Lana Del Rey's "Ultraviolence" Reviewed

Burgess references abound
Burgess references abound

Sometimes other writers do your work for you and Caryn Ganz’s  (former editor at Spin) excellent Rolling Stone review of Lana Del Rey’s sophomore effort Ultraviolence does exactly that. “the epic schmaltz of Ennio Morricone, reflected through the haze of a thousand dramatic selfies” is a pretty damn good description of the album. It isn’t a put down, Lana is what she is and what she is is the teenage girl locked in her bedroom, imagining her mom and dad crying at her grave with a sort of grim satisfaction.

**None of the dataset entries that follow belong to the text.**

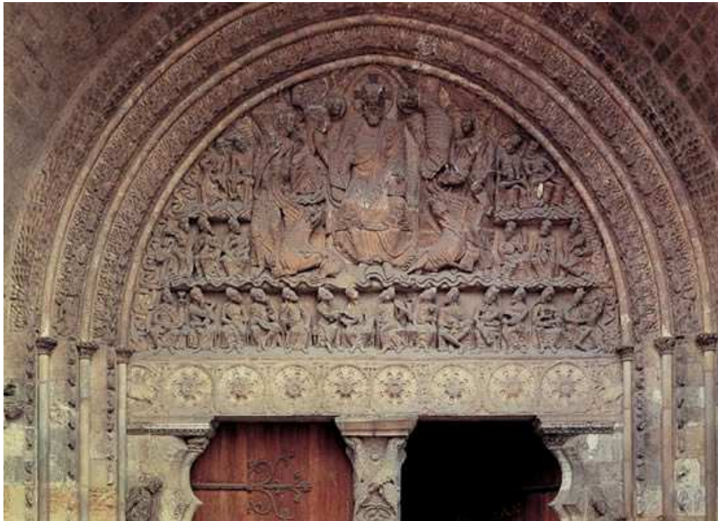
Portada de l'església de Sant Pere de Moissac. França. Segle XII
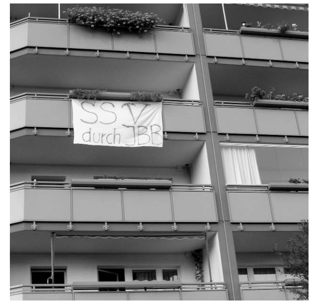
Sommerschlussverkauf durch IBB, Transparent an einer Wohnung der Genossenschaft Eigentum 2000.

zuschüsse sowie der Arbeit und des Geldes der Genoss/innen und Mieter/innen ernten: Der Bestand ist komplett saniert, hat inzwischen einen niedrigen Leerstand von etwa 7%, verfügt über eine Mieterschaft, die durch die Kautionsregelung eng an die Wohnungen gebunden ist und die Wohnungen sind durchaus attraktiv für Eigentumserwerber. Bei Preisen von 900 Euro/gm, die für die sanierte Platte bezahlt werden, ergibt sich eine üppige Gewinnspanne für die Vivacon AG. Über den Umweg der Genossenschaft wurde aus städtischem Eigentum ein profitables Objekt der Immobilienverwertung.
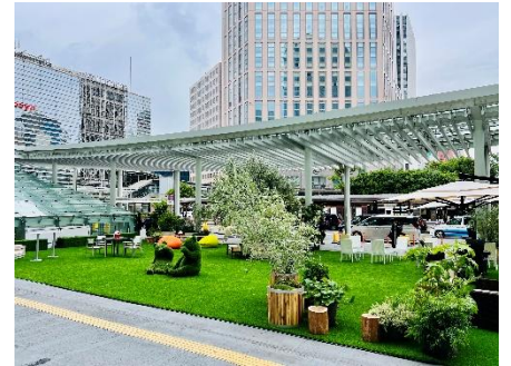
前回の OPEN PARK #01 エキマエの様子

内容：30日（土）は、横浜市が実施する交通転換に関する社会実験の一環として、南幸橋上を一時的に車両通行止めになります。同橋上において、フラワーゲートとOPEN PARK #01でも人気を集めたくまのトピアリーを展開することで、単なる規制にとどまらず、人々の回遊や滞留を生み出す「賑わいの入口」として、「居心地の良い空間」を創出します。
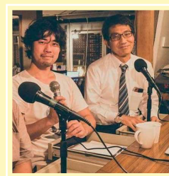
ラジオで県政を語る (radio与野)
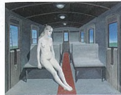
Le Dernier Wagon
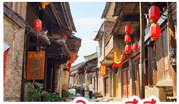
ถนนคนเดินตงซีเซียง
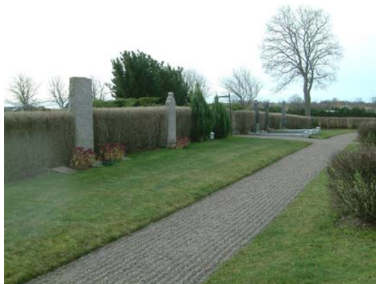
Kvarter M. Västra delen till vänster och södra delen ovan.

Gammalt köpegravskvarter utmed trädkransen och muren. Huvudsakligen höga smala gravvårdar från sent 1800-tal och tidigt 1900-tal. Flera säkerligen ursprungligen ditkomna direkt efter kyrkogårdsomläggningen 1867. En större grusgrav bevarad av ett säkert mycket större ursprungligt antal.

Is that your scene? It sure is mine. Produced by Dan Auerbach with a more organic sound than Born To Die, clothed in a Jack White metallic blue and song after song are atmospheric nightmares with “West Coast”, the phenomenal head of the class which surprisingly enough failed to break pop. All of a type, all of a sign, with Lana’s haunted pitch singing and wall of melancholia sound interrupted by the occasional guitar solo, by the end of “Shades Of Cool” the song appears to have escaped from a Black Key album. Lana claims to miss the hip hop elements on her first album, but both albums work in equal measure and if the album bombs it is only because people have moved on. The quality here is first rate.

But as good as it is, the songs can’t live up to the titles, “Fucked My Way To The Top” is great but not as great as its name, it soon cools down to “need you bleed you” mode. A beauty but not that much of a beauty. “Ultraviolence” is like a deep blue ballad which seems to sink its teeth into you, it powers up and then subsides, like a wave, or like sexual desire. “I can hear violence, violence…” she says and it is hard to deny it.

With only “The Other Woman”, a 1950s cover, a little out of place, the song is relentless and slow. It is like if you’ve ever dated a crazy girl and she gets on a riff about something. It doesn’t quite make sense and the more she speaks, the more you realize you’ve got a serious problem. That’s what Lana is like, it is the vibe she is into. And it works, song after song, it maintains this edgy weirdness . Even her “What Is A youth” rewrite “Old Money” sounds less Elizabethan and more Bellevue.

Lana may well be crazy, or she may well be acting, but whatever she is doing you can’t help believe in her in the role. What more should an album do than sustain a mood, a role, a point of view; Ultraviolence is insane and insanely true to itself.